→ What to work on
Repeat the data below exactly, dropping any pictures it holds.

Provided data section start

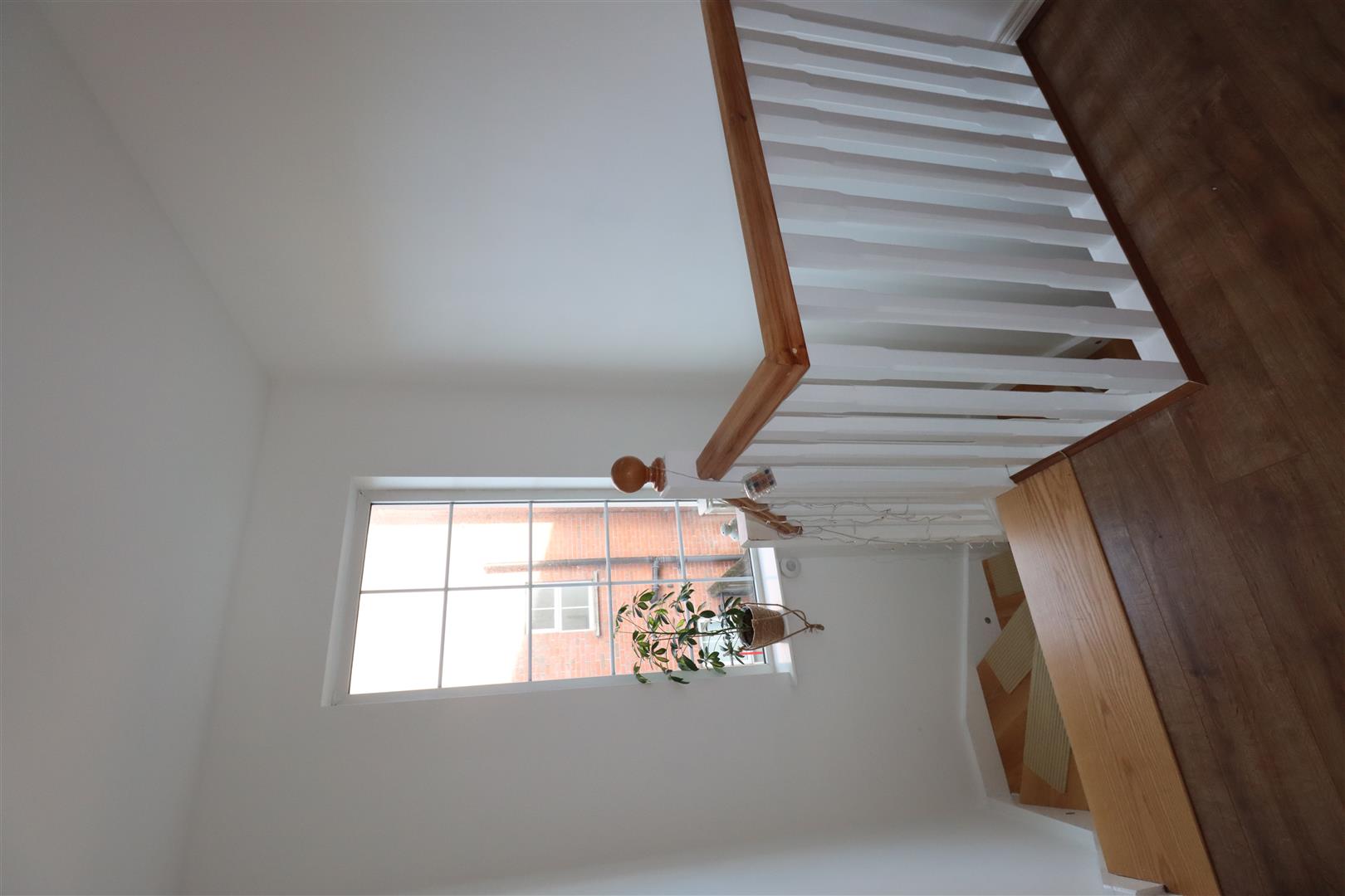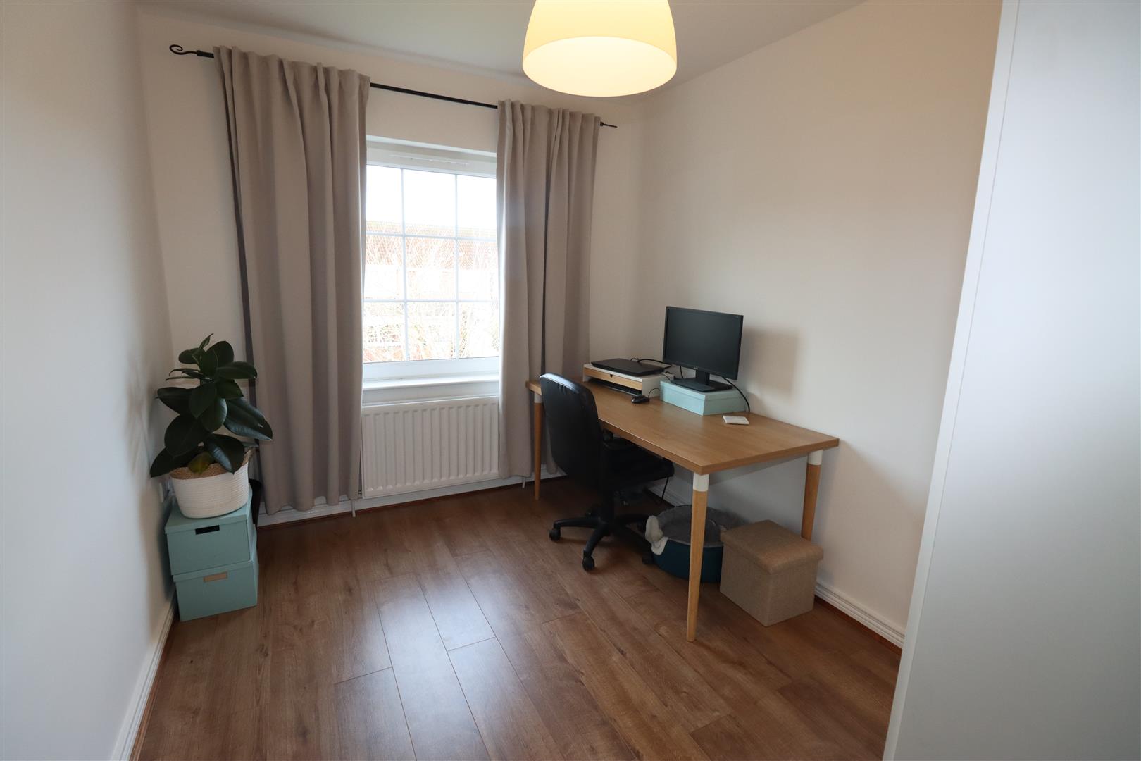 Laminate wood flooring, built in cupboard , separate storage cupboard, understairs storage
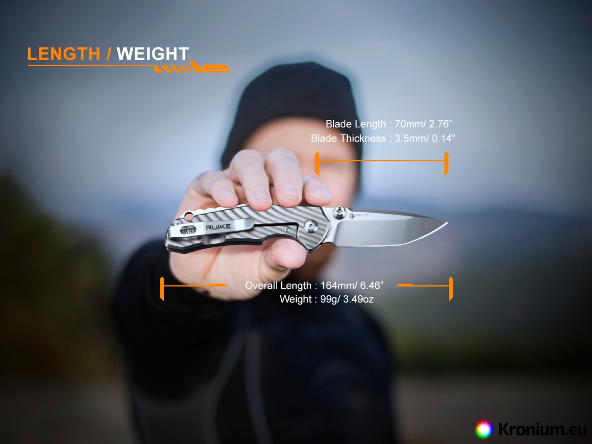 The Ruike M671-TZ compact closing knife is a luxurious titanium version of the popular P671-CB knife, which is suitable for both right- and left-handed users and can be opened with one hand. It opens simply with a thumb lever on either side of the blade. The knife is equipped with a frame lock to prevent accidental closing. The knife is equipped with a clip for attachment in a pocket and is ideal for everyday carry (EDC category).
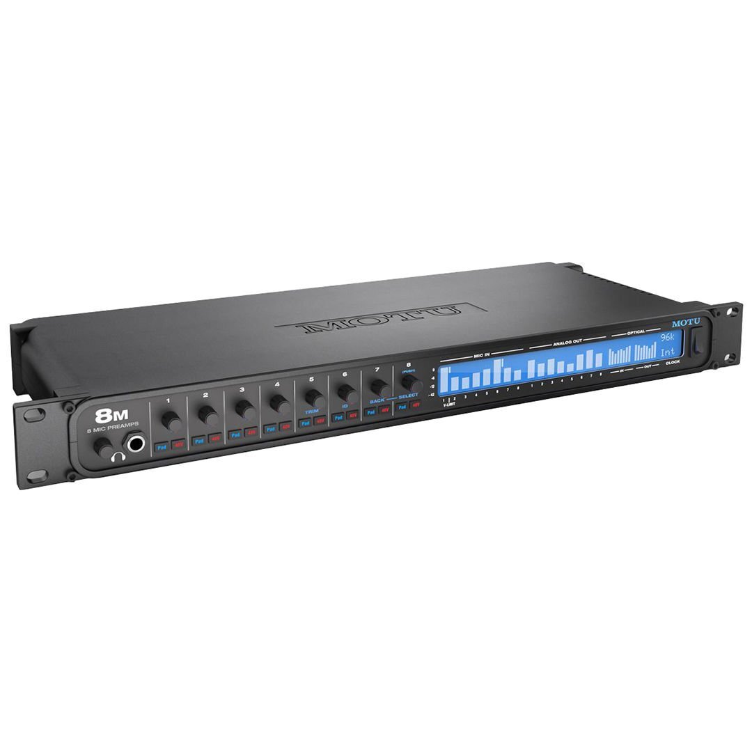 8M, dünyada 48 kanal miks ve AVB network kullanan, Thunderbolt teknolojisine ve 8 mikrofon preampına sahip ilk ses ara yüzüdür.
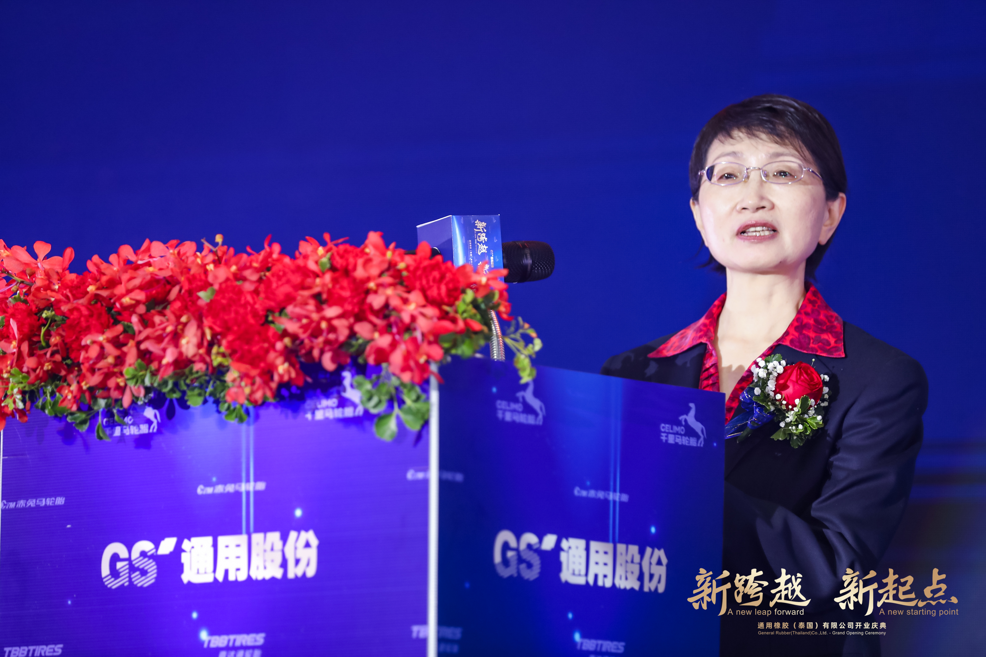 慶典上,中國橡膠工業協會會長鄧雅俐發表講話,她說道,通用股份泰國公司的開業,標志著通用股份提升國際化發展水平,優化產業布局邁出了重要步伐。這不僅是通用股份發展史上的重要里程碑,也是中國橡膠工業的一件大喜事。相信通用股份能夠繼續以綠色智能,科技創新為導向,提質增效、銳意進取,用高端化、綠色化、高性能、高附加值的產品回饋全球用戶,不斷提升企業品牌在國際市場上的知名度與美譽度,為社會經濟的發展,為中國橡膠行業的發展作出新的更大的貢獻!
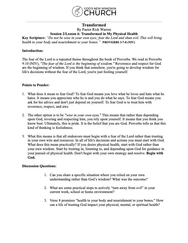 Key Scripture: "7 Do not be wise in your own eyes; fear the Lord and shun evil. 8 This will bring health to your body and nourishment to your bones." -Proverbs 3:7-8 NIV
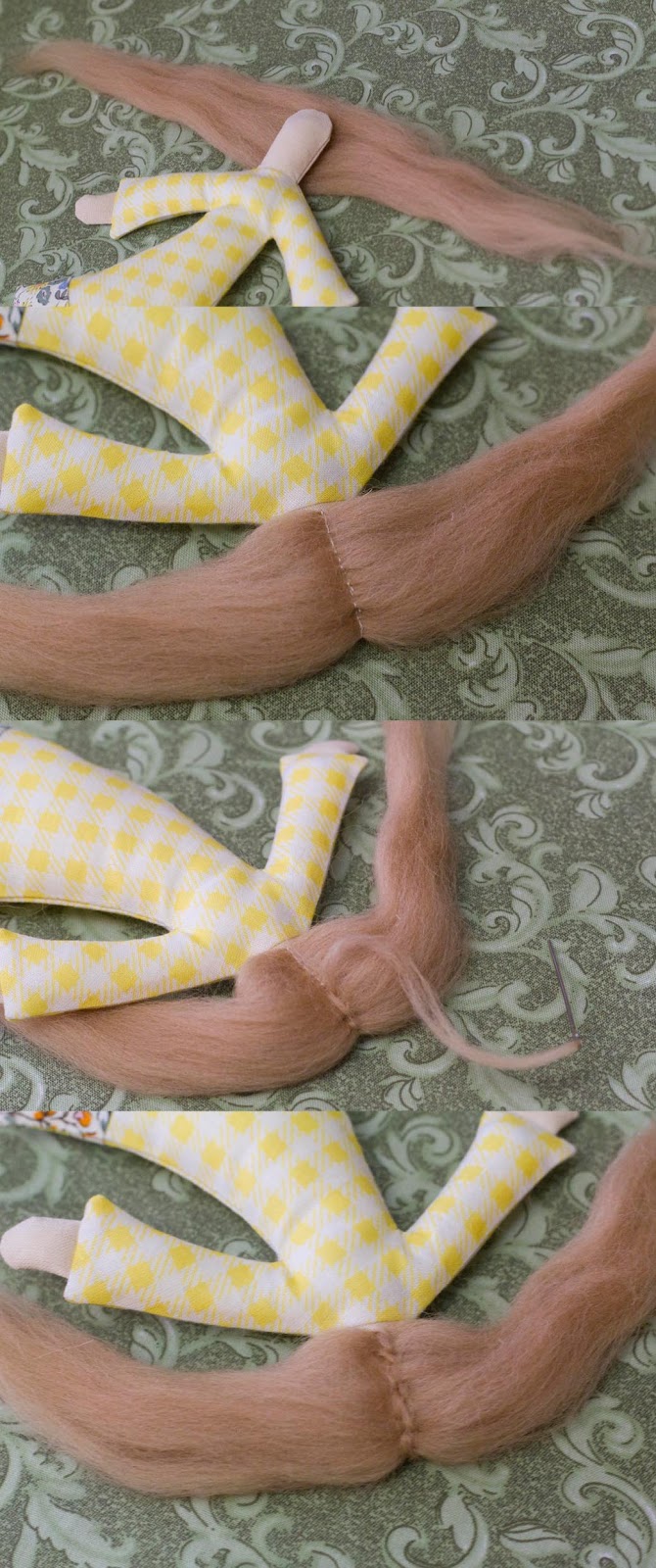 5. Тонкие длинные кончики вставляем в иголку с большим ушком и пришиваем этой "нитью" волосы двумя-тремя большими стежками (проверяем, чтобы на лице не вылезло ничего лишнего):

Provided data section end

→ Task answer
 Laminate wood flooring, built in cupboard , separate storage cupboard, understairs storage
 The Ruike M671-TZ compact closing knife is a luxurious titanium version of the popular P671-CB knife, which is suitable for both right- and left-handed users and can be opened with one hand. It opens simply with a thumb lever on either side of the blade. The knife is equipped with a frame lock to prevent accidental closing. The knife is equipped with a clip for attachment in a pocket and is ideal for everyday carry (EDC category).
 8M, dünyada 48 kanal miks ve AVB network kullanan, Thunderbolt teknolojisine ve 8 mikrofon preampına sahip ilk ses ara yüzüdür.
 慶典上,中國橡膠工業協會會長鄧雅俐發表講話,她說道,通用股份泰國公司的開業,標志著通用股份提升國際化發展水平,優化產業布局邁出了重要步伐。這不僅是通用股份發展史上的重要里程碑,也是中國橡膠工業的一件大喜事。相信通用股份能夠繼續以綠色智能,科技創新為導向,提質增效、銳意進取,用高端化、綠色化、高性能、高附加值的產品回饋全球用戶,不斷提升企業品牌在國際市場上的知名度與美譽度,為社會經濟的發展,為中國橡膠行業的發展作出新的更大的貢獻!
 Key Scripture: "7 Do not be wise in your own eyes; fear the Lord and shun evil. 8 This will bring health to your body and nourishment to your bones." -Proverbs 3:7-8 NIV
 5. Тонкие длинные кончики вставляем в иголку с большим ушком и пришиваем этой "нитью" волосы двумя-тремя большими стежками (проверяем, чтобы на лице не вылезло ничего лишнего):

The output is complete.